从 php 返回一个值到 $.get

Question

Now I am upgrading my website user experience, so I'm trying modify my form from form action to ajax . Coding now work fine, server side can update the database, but I don't know how to return the custom message to my user.

My html coding.

<form method="post" id="jnfarm_pop">
    blablabla...
    <button type="submit" class="layui-btn layui-btn-fluid" name="submitbutn" onclick="login();">submit</button>
</form>

My php file plugin.php

<?php
  //coding.....
  $final = 'custom wording';
  return json_encode(['final' => $final]);
?>

My jQuery

<script>
function login() {
    jQuery.get('plugin.php?id=cc&do=dd', jQuery('#jnfarm_pop').serialize(), (result) => {
        alert($final); //it doesn't work
    }).fail(result => {
       alert('fail');
    });
    event.preventDefault();
}
</script>

Now the alert doesn't work, I am also try like

jQuery.get('plugin.php?id=cc&do=dd', jQuery('#jnfarm_pop').serialize(), (result) => {
    result = JSON.parse(result); alert(result.final); //not working also
}

and

jQuery.get('plugin.php?id=cc&do=dd', jQuery('#jnfarm_pop').serialize(), (result = JSON.parse(result)) => {
     alert(result.final); //this show alert unidentified
}

Can someone correct my coding?

Answer 1

Change

return json_encode(['final' => $final]);

to

echo json_encode(['final' => $final]); 

return is really only useful when you're inside a PHP function.
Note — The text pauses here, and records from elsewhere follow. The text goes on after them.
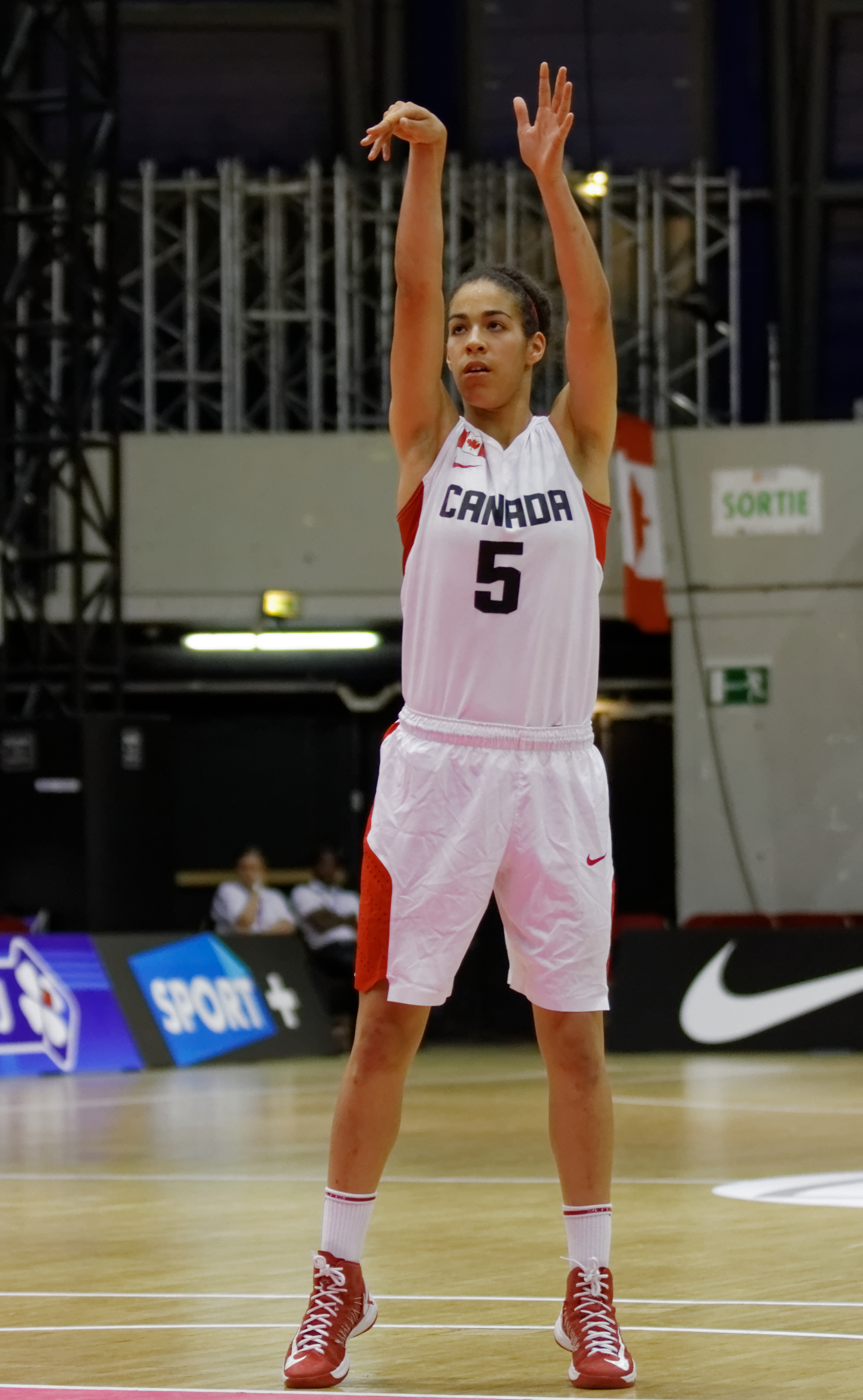 EuroEssonne, France - Canada, 7 June 2013.
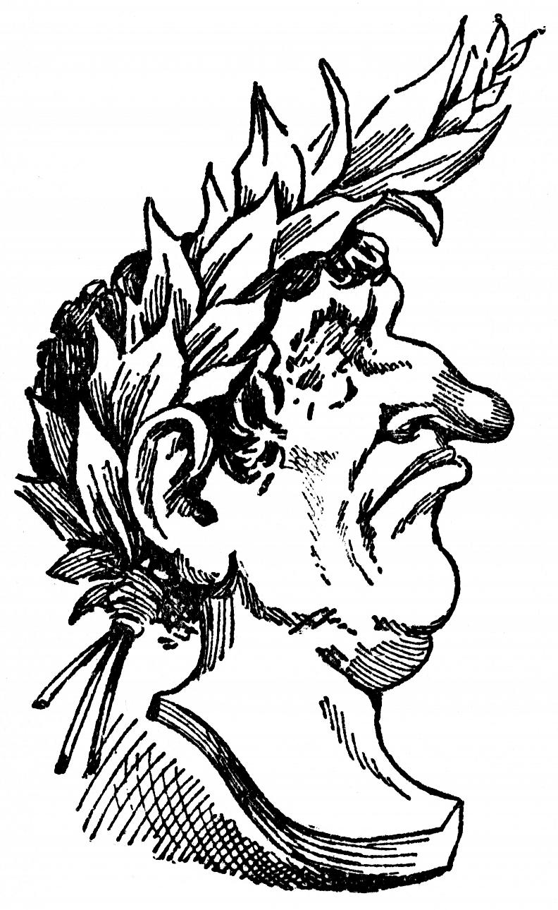 Bust of Cæsar.
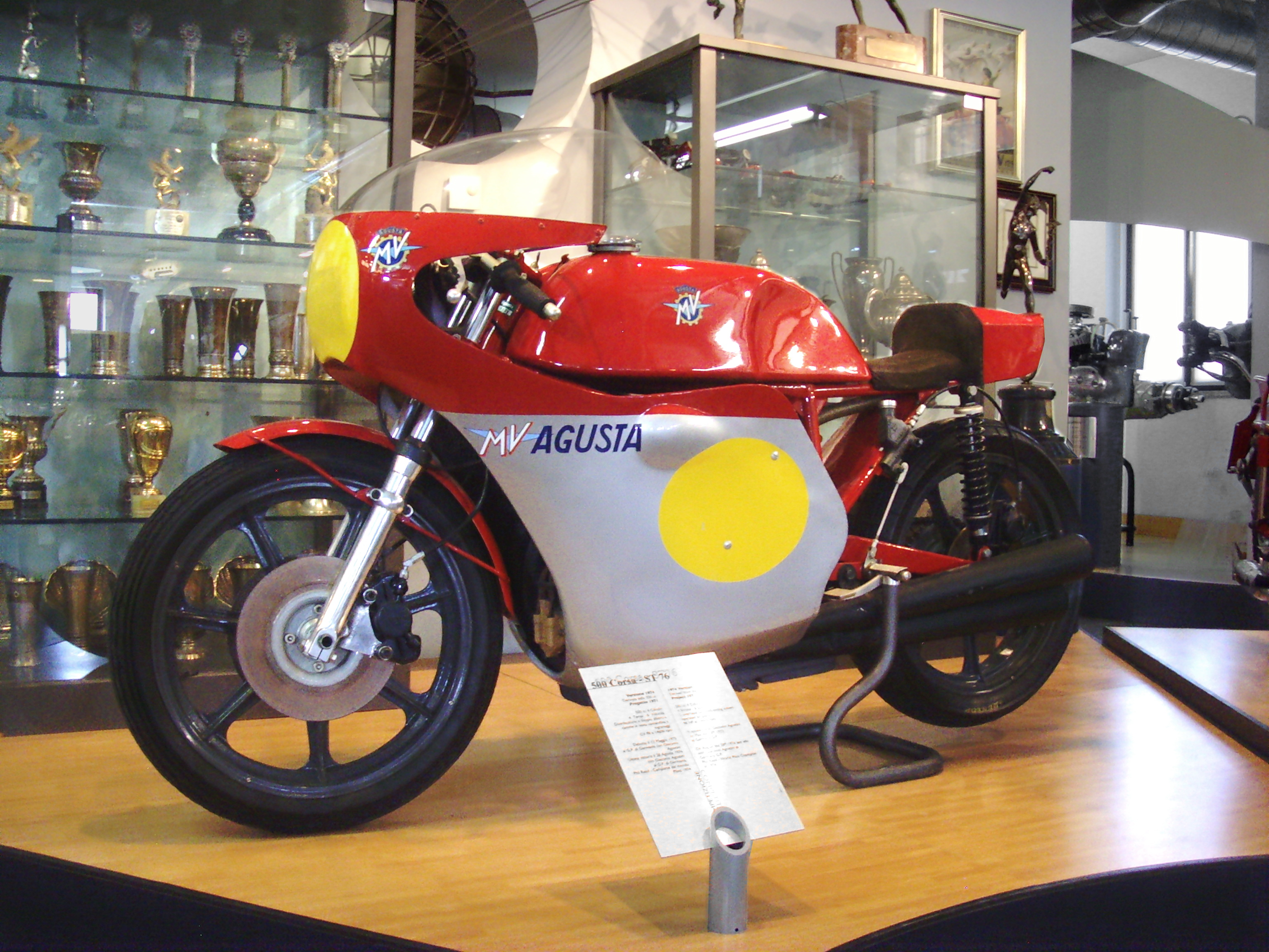 MV Agusta 500 Corsa ST, 1976
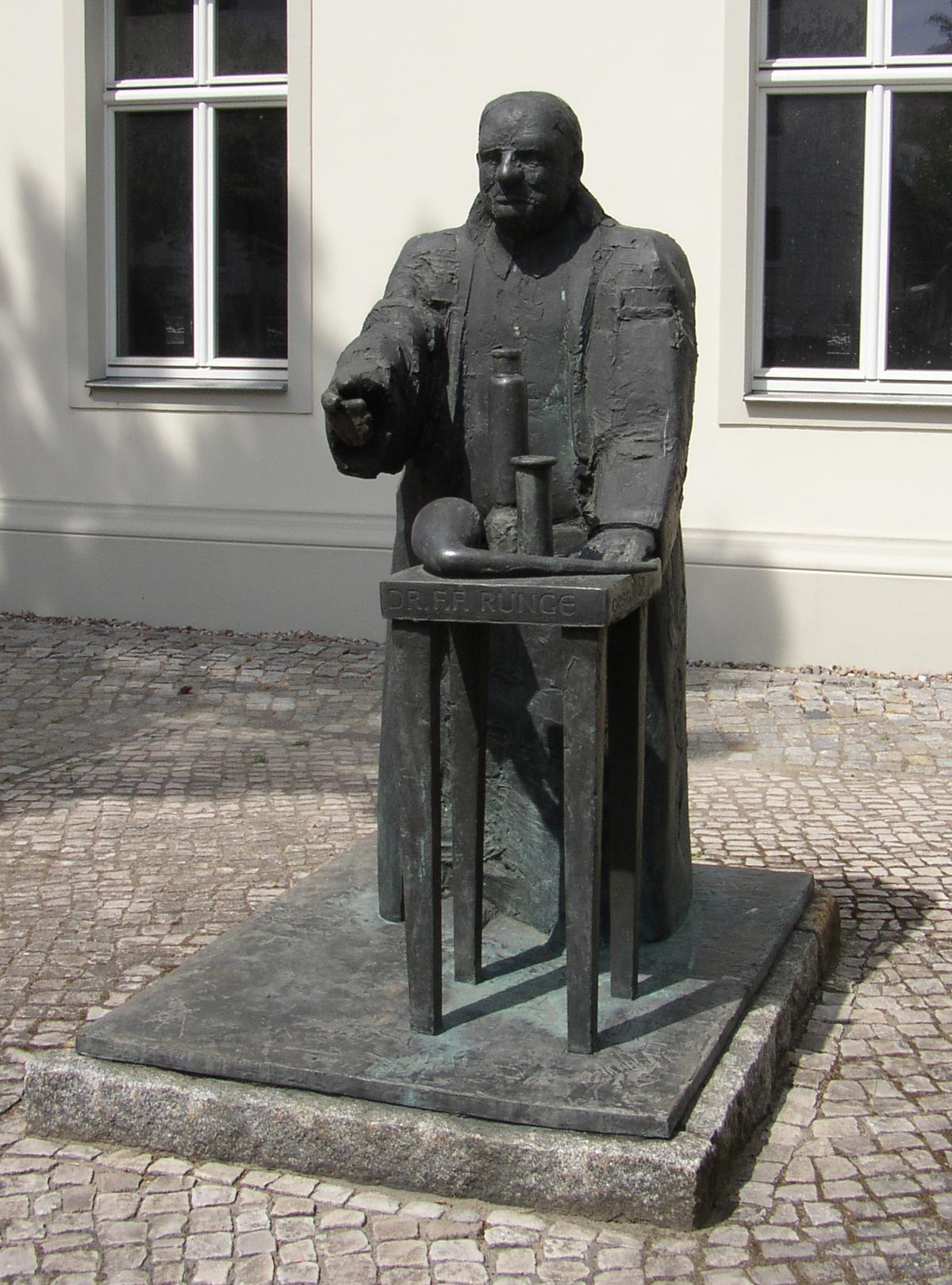 Memorial for Friedlieb Ferdinand Runge in Oranienburg in Brandenburg, Germany
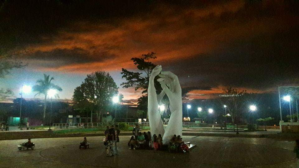 Central Park Orito

If you want to output something back to the caller of the script then you need to use echo , as always.

Answer 2

To make your example work do the following:

change your PHP code from

<?php
  //coding.....
  $final = 'custom wording';
  return json_encode(['final' => $final]);
?>

to:

<?php
  //coding.....
  $final = 'custom wording';
  echo json_encode(['final' => $final]);
?>

and your jQuery code from this:

<script>
function login() {
    jQuery.get('plugin.php?id=cc&do=dd', jQuery('#jnfarm_pop').serialize(), (result) => {
        alert($final); //it doesn't work
    }).fail(result => {
       alert('fail');
    });
    event.preventDefault();
}
</script>

to this:

<script>
function login() {
    jQuery.get('plugin.php?id=cc&do=dd', jQuery('#jnfarm_pop').serialize(), (result) => {
        alert(result);
    }).fail(result => {
       alert('fail');
    });
    event.preventDefault();
}
</script>

PHP can return something to an ajax call by either printing or echoing. And ajax can't use variables you defined in PHP. The echo'ed value in your PHP script will be the result value in your ajax call.